Of 488 single-units, 121 responded (Δr > 5 Hz and distinguishable from the response to the standard at a level of p < 0.05, t-test) to at least one stimulus (Figure S1). No neuron passing this test responded significantly to the independent negative control (Figure S1). Individual neurons showed a diversity of responses; some showed specificity to a single sample, others responded to a few strains from the same sex, and yet others responded selectively for one or the other sex but were relatively insensitive to strain. Examination of the entire population of recorded neurons revealed that functionally similar neurons were observed repeatedly across different preparations (Figure 2C). Of 121 responsive single units, we manually collected 57 of the cells into 8 functional classes, based on specificity, sensitivity, and repeated observation of patterns across multiple single units. Of the remaining (not categorized) units, most were weakly-responsive, and the rest exhibited idiosyncratic responses that did not, on their own, appear to clearly justify formation of a class (Figure S1). These classes served to select particularly clear “exemplar” neurons, which we temporarily assume to represent the entire class, for the purpose of identifying the ligands that drive them.

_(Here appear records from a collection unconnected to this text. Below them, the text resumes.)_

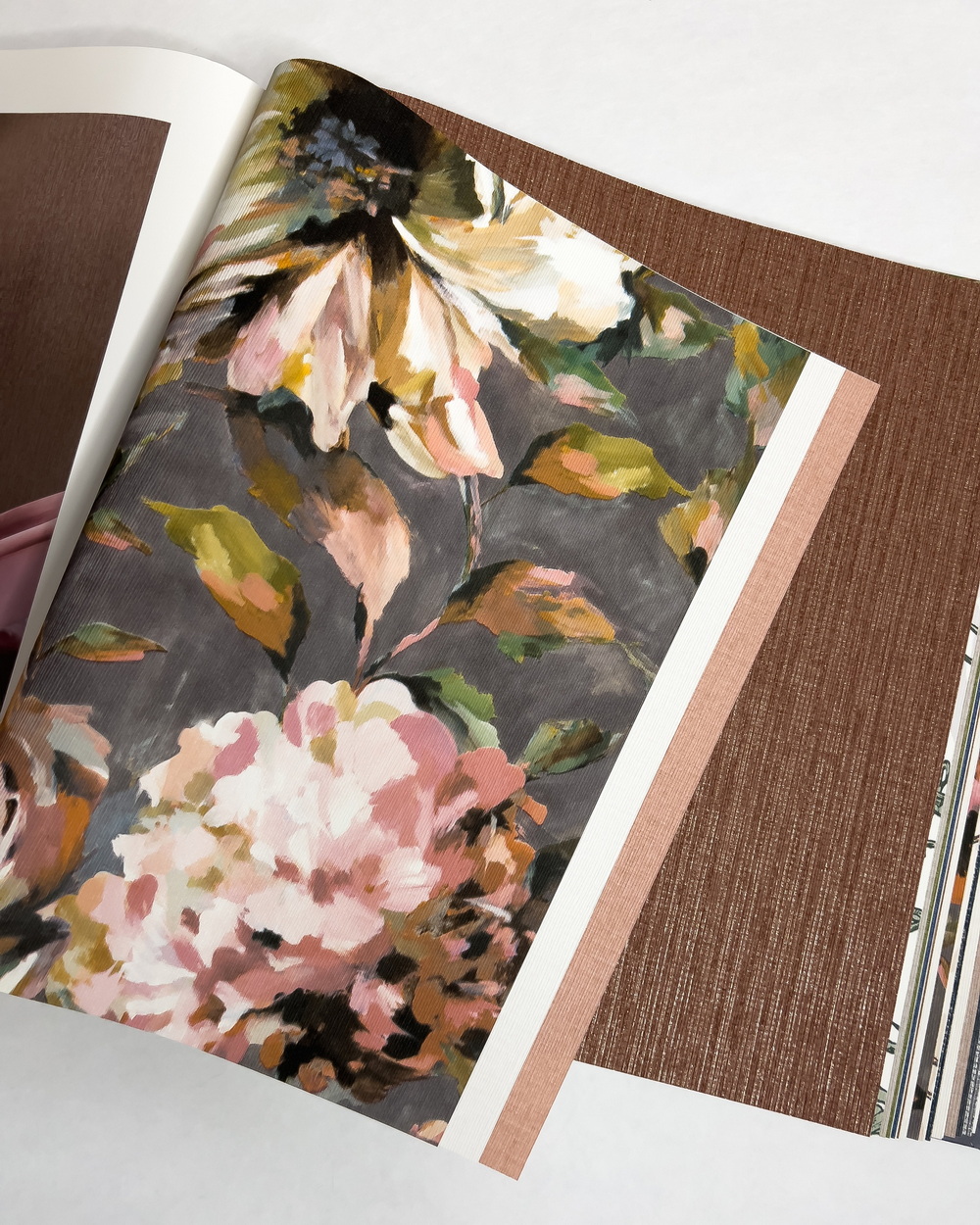 Florentine III — яркая коллекция от Rasch. Заглавный принт каталога — растительный орнамент с крупными листьями. Он напоминает об африканском изобразительном искусстве с его яркими красками и упрощенными силуэтами. Кроме того, в коллекции обосновались бамбуковые заросли и воздушные цветы. Последние два принта можно найти и в коллекции Florentine XL, но уже в метровом формате.
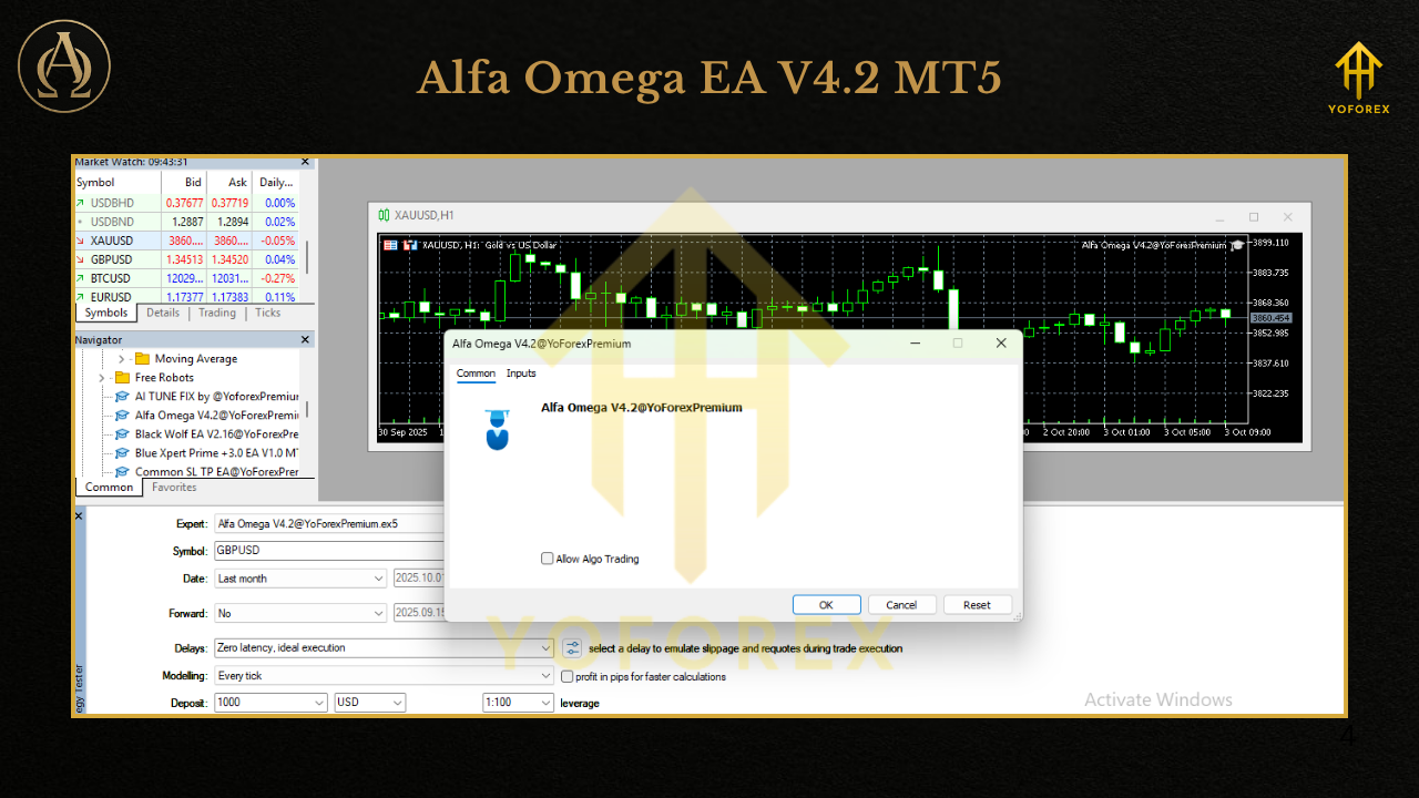 - Download Alfa Omega EA V4.2 from MQL5.software.
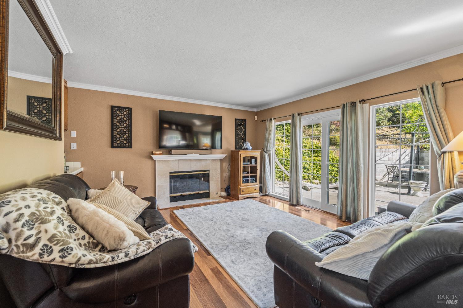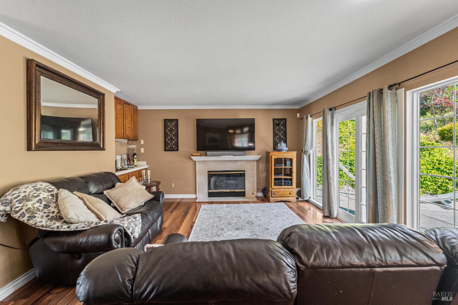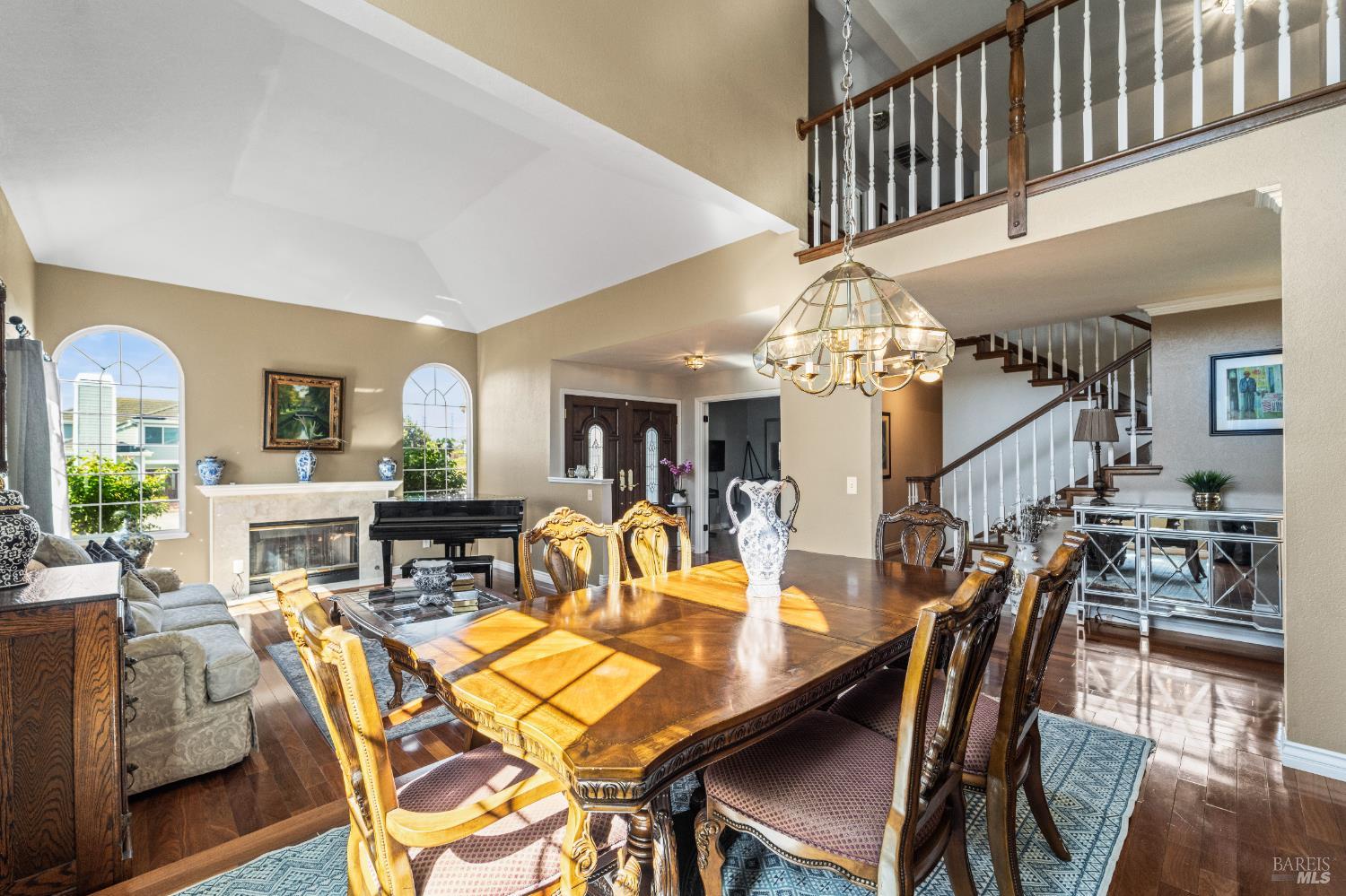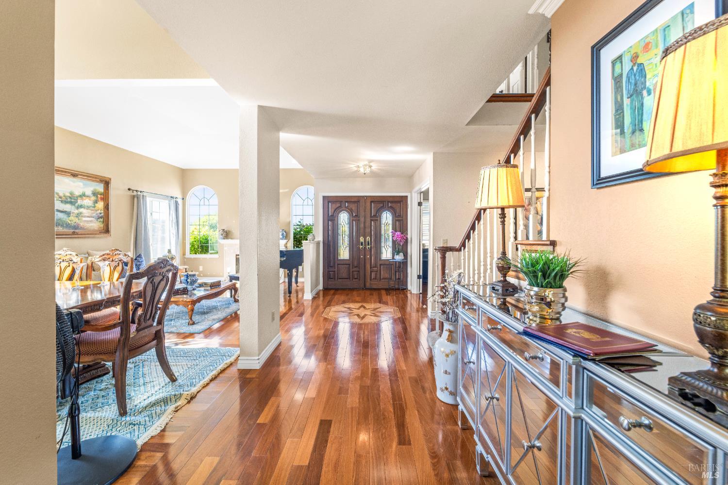 Perched in the highly sought after Glen Cove neighborhood, situated on a desirable cul-de-sac. This spacious residence offers 4-bedroom, 3-bath with over 2,500 square feet of living space. Offering charm, generous living space, and sits on an expansive lot with beautiful views and exceptional potential. Thoughtfully designed with a generous floor plan and abundant natural light, the home features elegant Brazilian teak hardwood floors adding timeless style throughout the living spaces. Multiple gathering areas provide flexibility for both everyday comfort and entertaining, while the versatile layout offers room for a home office, guests, or multigenerational living. A highly desirable downstairs bedroom and full bath provide excellent flexibility for guests and functional living or work space. The kitchen and main living areas flow seamlessly together, creating an inviting setting for daily living and special occasions alike. Upstairs, additional spacious bedrooms and loft area offers comfort and versatility. Step outside to a beautifully landscaped backyard retreat filled with lush greenery, mature surroundings, and endless potential. This private setting offers a rare opportunity to elevate your outdoor living space while enjoying the Glen Cove surroundings. Ideally situated near schools, parks, waterfront trails, and Glen Cove Marina. With convenient access to I780, I80, San Francisco Bay Ferry, and Amtrak for an easy commute to San Francisco, Napa, and Sacramento.

Chemical profiles across sex and strain

These neurophysiological responses are presumably attributable to the presence of particular ligands in one or more of these samples, each at a specific concentration. If a response is driven by a single ligand, its pattern should be predictable from the concentration of the ligand across samples (Figure 1)—samples containing higher concentrations of this ligand should drive more activity. We reasoned that the molecular correlates of identity might, therefore, be discoverable by seeking compounds whose abundance could “explain” these patterns of physiological response.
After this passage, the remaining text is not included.